Records drawn from a dataset
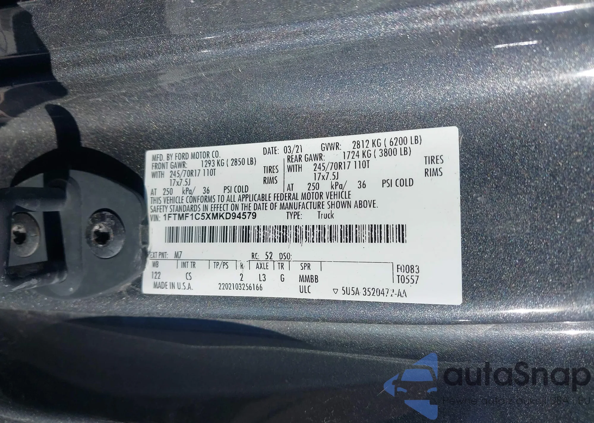 • VIN 1FTMF1C5XMKD94579
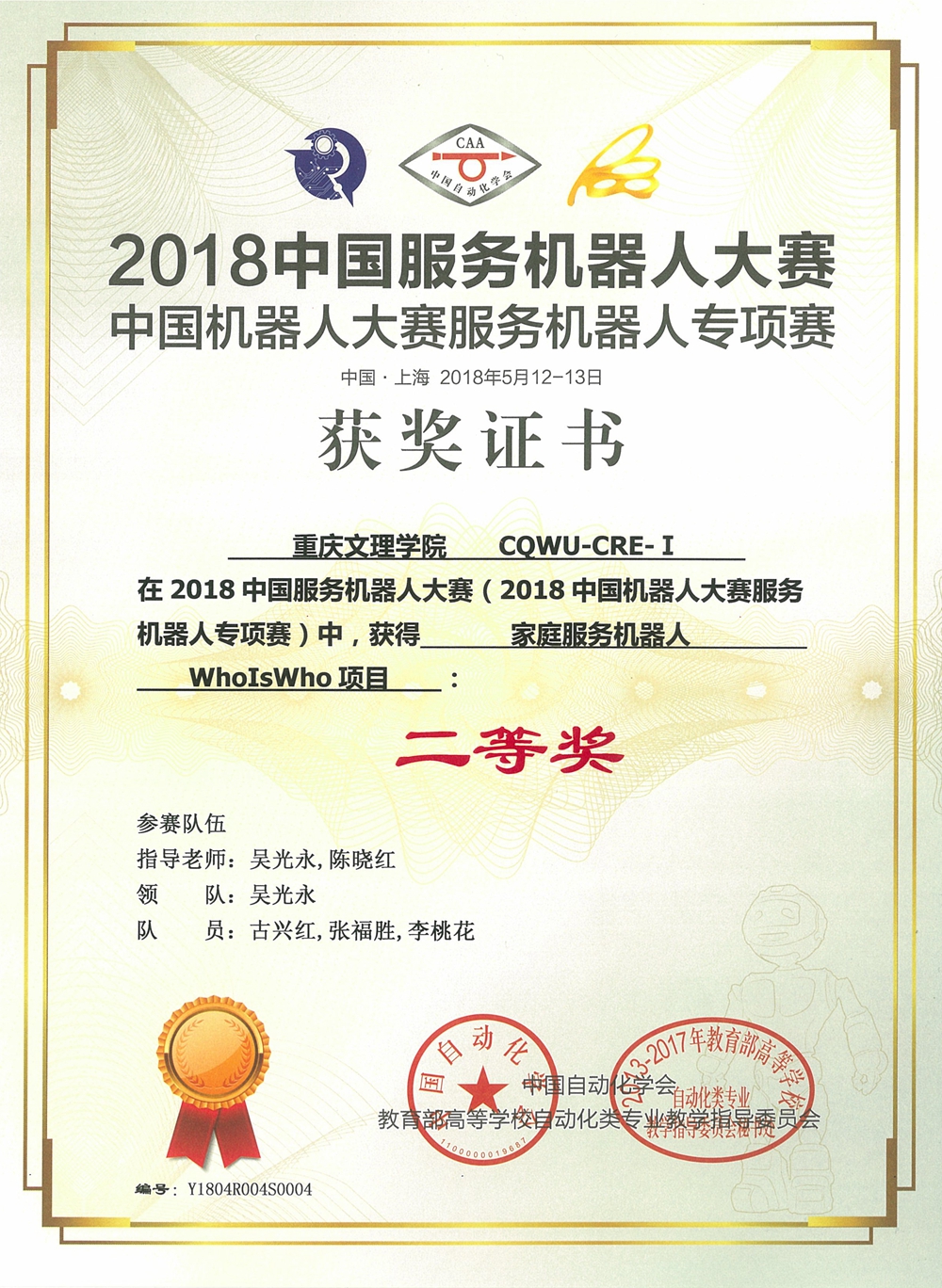 公司派出了由机械电子工程系主任吴光永、专业教师陈晓红带领的3支代表队9名队员参加了家庭服务机器人赛项中9个项目的比赛。经过历时2天、与来自全国70多所高校选手的激励角逐,2015级机械电子工程专业员工韦文、李作棚、2016材料成型及控制工程专业员工朱丽单组成的CQWU-CRE-Ⅲ队成功夺得“泡茶机器人”项目亚军(一等奖)、“人的辨识”项目和“路径规划”项目二等奖。2015级机械电子工程专业员工古兴红、2016级机械电子工程专业员工张福胜、2016级材料成型及控制工程专业员工李桃花组成的CQWU-CRE-Ⅰ队和2015级机械电子工程专业员工裴胜、王兰权、马茂瑞组成的CQWU-CRE-Ⅱ队团队分别获得“WhoIsWho项目”、“Shopping项目”二等奖。其余选手的另外4个项目分别获得三等奖。
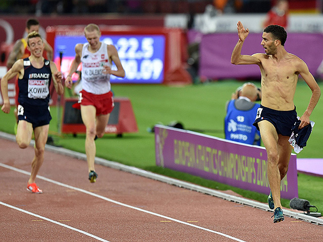 Вице-чемпион олимпийских игр Махидин Мехисси-Бенаббад из Франции, завершавший на чемпионате Европы в Цюрихе дистанцию 3000 метров, на финишной прямой оторвался от соперников и в порыве радости снял майку, потом зажал ее зубами и поприветствовал болельщиков, махая им рукой.
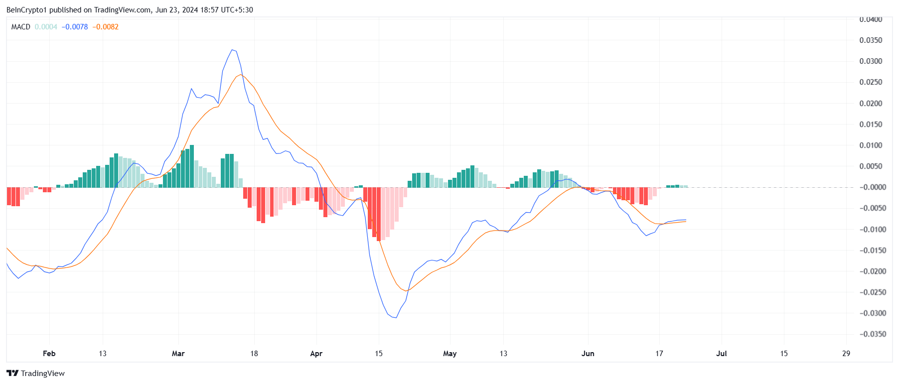 Hơn nữa, chỉ báo Convergence Divergence của đường trung bình động (MACD) cho thấy một sự chéo lên của đường tín hiệu đang mất sức mạnh. MACD là một chỉ báo kỹ thuật cho thấy mối quan hệ giữa hai trung bình động của giá một tài sản. Sự chéo và phân kỳ giữa các trung bình này báo hiệu động lực tăng hoặc giảm. Chỉ báo kỹ thuật này hiện cho thấy sự thiếu động lực của giá token gốc của Ripple. Khi chỉ báo này yếu đi, nó báo hiệu áp lực mua đang giảm.
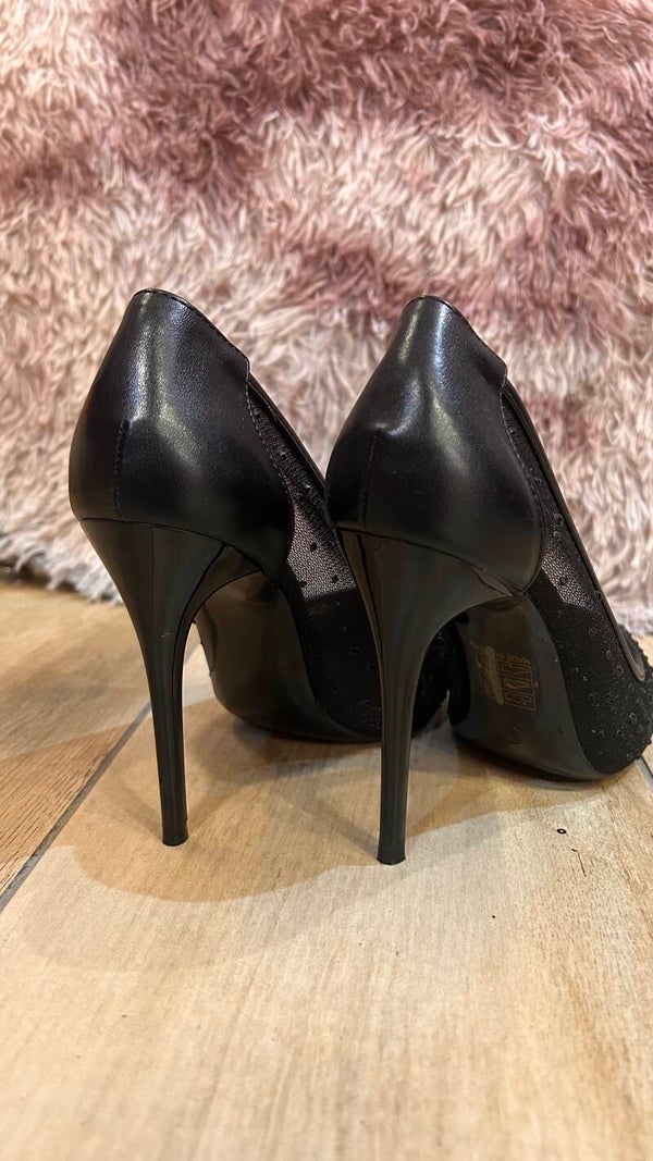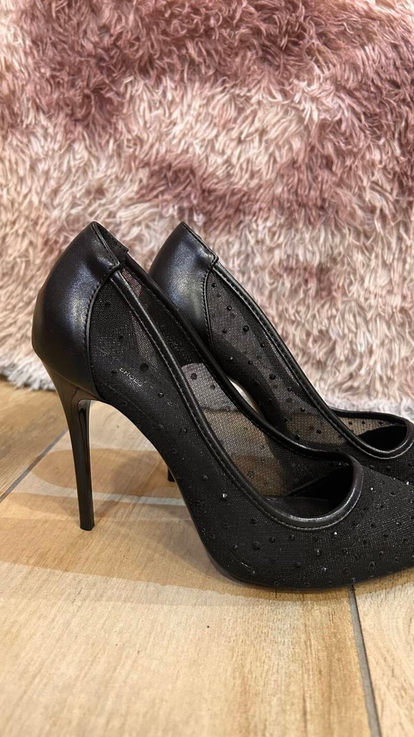 Décolleté gioiello in satin nero con tacco a spillo
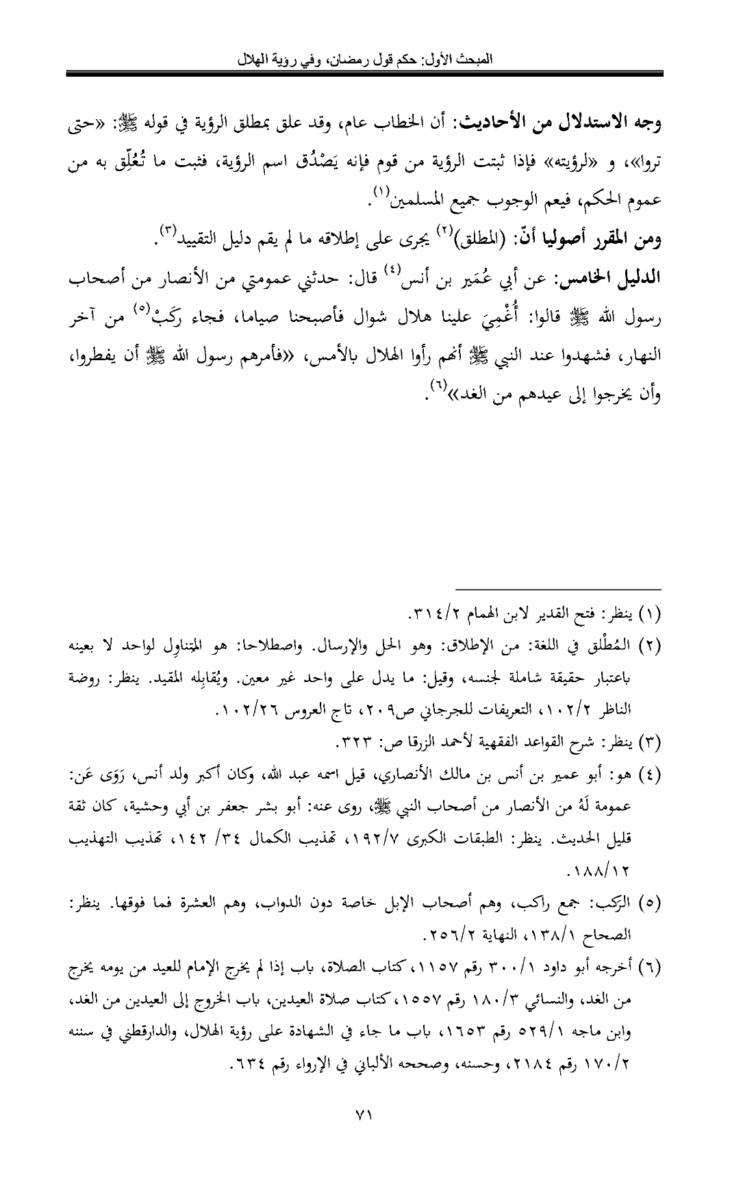 الدليل الخامس: عن أبي عُمَير بن أنس (¬4) قال: حدثني عمومتي من الأنصار من أصحاب رسول الله - صلى الله عليه وسلم - قالوا: أُغْمِيَ علينا هلال شوال فأصبحنا صياما، فجاء ركَبْ (¬5) من آخر النهار, فشهدوا عند النبي - صلى الله عليه وسلم - أنهم رأوا الهلال بالأمس، «فأمرهم رسول الله - صلى الله عليه وسلم - أن يفطروا، وأن يخرجوا إلى عيدهم من الغد» (¬6).

-- PROBLEM DETAILS --
Extract exactly the lines above from the line containing "Вице-чемпион олимпийских игр" through the last one, both ends included, but not the pictures.

-- RESPONSE TO THIS EXERCISE --
 Вице-чемпион олимпийских игр Махидин Мехисси-Бенаббад из Франции, завершавший на чемпионате Европы в Цюрихе дистанцию 3000 метров, на финишной прямой оторвался от соперников и в порыве радости снял майку, потом зажал ее зубами и поприветствовал болельщиков, махая им рукой.
 Hơn nữa, chỉ báo Convergence Divergence của đường trung bình động (MACD) cho thấy một sự chéo lên của đường tín hiệu đang mất sức mạnh. MACD là một chỉ báo kỹ thuật cho thấy mối quan hệ giữa hai trung bình động của giá một tài sản. Sự chéo và phân kỳ giữa các trung bình này báo hiệu động lực tăng hoặc giảm. Chỉ báo kỹ thuật này hiện cho thấy sự thiếu động lực của giá token gốc của Ripple. Khi chỉ báo này yếu đi, nó báo hiệu áp lực mua đang giảm.
 Décolleté gioiello in satin nero con tacco a spillo
 الدليل الخامس: عن أبي عُمَير بن أنس (¬4) قال: حدثني عمومتي من الأنصار من أصحاب رسول الله - صلى الله عليه وسلم - قالوا: أُغْمِيَ علينا هلال شوال فأصبحنا صياما، فجاء ركَبْ (¬5) من آخر النهار, فشهدوا عند النبي - صلى الله عليه وسلم - أنهم رأوا الهلال بالأمس، «فأمرهم رسول الله - صلى الله عليه وسلم - أن يفطروا، وأن يخرجوا إلى عيدهم من الغد» (¬6).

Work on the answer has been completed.